We can generalize it and put it in terms of modules, as $\Z$ is only a ring but not a field.

$v_1,\ldots,v_n$ is a basis for the module $\Z^n$ iff the matrix $M$ formed by the vectors is a unimodular matrix.

$\Rightarrow$ If $\det(M)=0$, then $v_1,\ldots,v_n$ are not linearly independent. If $|\det(M)|\geq 2$, then the parallelepiped formed by $v_1,\ldots,v_n$ has volume $\geq 2$. If there is any integer point not on the corners of the parallelepiped, then that point can't be written as linear combination of $v_1,\ldots,v_n$. Notice that it must contain some lattice points not on the corners of the parallelepiped. One can see why by consider a large box that contain volume of $m$ such parallelepiped, but contain at least $2m$ lattice points.
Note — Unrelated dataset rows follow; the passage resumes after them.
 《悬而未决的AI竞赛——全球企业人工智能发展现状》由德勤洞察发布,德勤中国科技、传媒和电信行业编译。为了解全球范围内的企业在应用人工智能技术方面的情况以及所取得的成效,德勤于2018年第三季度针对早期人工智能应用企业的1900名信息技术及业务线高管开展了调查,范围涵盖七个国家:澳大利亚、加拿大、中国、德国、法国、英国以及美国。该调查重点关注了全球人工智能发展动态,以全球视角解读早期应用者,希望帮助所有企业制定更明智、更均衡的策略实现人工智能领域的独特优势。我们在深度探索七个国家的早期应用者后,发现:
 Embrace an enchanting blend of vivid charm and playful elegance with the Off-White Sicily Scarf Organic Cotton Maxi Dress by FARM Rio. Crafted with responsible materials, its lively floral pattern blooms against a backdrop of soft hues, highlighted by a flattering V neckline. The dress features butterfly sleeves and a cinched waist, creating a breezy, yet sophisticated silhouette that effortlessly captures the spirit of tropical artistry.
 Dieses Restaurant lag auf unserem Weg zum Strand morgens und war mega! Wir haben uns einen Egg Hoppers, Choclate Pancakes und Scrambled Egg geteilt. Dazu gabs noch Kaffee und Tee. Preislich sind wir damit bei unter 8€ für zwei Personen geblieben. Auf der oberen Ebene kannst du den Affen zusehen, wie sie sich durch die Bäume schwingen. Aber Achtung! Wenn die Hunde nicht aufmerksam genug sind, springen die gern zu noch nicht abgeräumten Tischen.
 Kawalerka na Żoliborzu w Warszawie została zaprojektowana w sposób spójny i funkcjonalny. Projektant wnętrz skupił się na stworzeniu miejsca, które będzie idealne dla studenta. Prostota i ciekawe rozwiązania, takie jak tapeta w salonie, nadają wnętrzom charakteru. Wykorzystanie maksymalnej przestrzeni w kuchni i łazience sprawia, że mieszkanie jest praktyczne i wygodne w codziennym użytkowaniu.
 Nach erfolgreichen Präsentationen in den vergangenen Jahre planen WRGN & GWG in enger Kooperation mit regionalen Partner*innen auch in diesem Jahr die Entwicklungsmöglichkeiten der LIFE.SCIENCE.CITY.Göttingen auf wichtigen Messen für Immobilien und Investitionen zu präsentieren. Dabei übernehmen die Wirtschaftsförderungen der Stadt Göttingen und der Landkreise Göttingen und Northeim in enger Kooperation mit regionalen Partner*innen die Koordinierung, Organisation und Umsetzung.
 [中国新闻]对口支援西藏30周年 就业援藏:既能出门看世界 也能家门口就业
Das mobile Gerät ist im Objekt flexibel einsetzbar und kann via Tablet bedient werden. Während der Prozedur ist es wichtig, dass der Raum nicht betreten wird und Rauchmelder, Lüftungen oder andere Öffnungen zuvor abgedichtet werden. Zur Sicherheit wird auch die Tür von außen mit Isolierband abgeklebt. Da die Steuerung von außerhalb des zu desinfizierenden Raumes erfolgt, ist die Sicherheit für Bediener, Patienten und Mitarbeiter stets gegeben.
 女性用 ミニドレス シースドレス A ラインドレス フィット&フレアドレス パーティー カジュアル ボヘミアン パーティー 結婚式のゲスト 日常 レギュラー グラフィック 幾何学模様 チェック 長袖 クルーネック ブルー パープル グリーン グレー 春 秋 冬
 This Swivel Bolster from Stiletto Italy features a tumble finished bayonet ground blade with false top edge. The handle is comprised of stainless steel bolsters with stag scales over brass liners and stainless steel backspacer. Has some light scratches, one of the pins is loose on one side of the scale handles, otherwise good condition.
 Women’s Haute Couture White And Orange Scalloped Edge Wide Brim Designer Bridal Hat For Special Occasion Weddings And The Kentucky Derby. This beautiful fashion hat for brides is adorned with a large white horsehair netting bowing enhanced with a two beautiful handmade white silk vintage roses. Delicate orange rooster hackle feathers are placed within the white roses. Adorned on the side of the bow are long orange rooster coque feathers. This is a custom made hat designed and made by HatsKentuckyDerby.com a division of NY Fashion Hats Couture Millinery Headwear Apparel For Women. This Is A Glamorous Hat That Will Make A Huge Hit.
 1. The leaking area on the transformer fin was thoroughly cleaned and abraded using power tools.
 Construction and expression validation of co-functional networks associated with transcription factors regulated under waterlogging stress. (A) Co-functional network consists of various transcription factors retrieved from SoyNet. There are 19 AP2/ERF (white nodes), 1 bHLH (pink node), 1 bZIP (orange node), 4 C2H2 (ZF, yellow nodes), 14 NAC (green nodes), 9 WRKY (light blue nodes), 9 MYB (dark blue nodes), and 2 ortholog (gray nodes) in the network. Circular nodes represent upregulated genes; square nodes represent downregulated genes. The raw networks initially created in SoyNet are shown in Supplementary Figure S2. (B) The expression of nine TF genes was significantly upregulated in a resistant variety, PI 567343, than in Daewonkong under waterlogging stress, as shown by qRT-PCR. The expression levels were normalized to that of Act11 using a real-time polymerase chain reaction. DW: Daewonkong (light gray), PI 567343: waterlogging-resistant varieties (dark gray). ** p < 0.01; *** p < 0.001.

This shows if $M$ is not unimodular, then $v_1,\ldots,v_n$ can't be a basis.

Alternative proof: $M$ is not unimodular then $M^{-1}$ contain a non-integer entry. This shows there exist a $b$, such that the solution $x$ to $Mx=b$ contain a non-integer entry. (proposed by Thao Do)

$\Leftarrow$ $|\det(M)|=1$ implies it has a inverse over $\Z$, thus $Mx = b$ for any $b\in \Z^n$ always has a solution.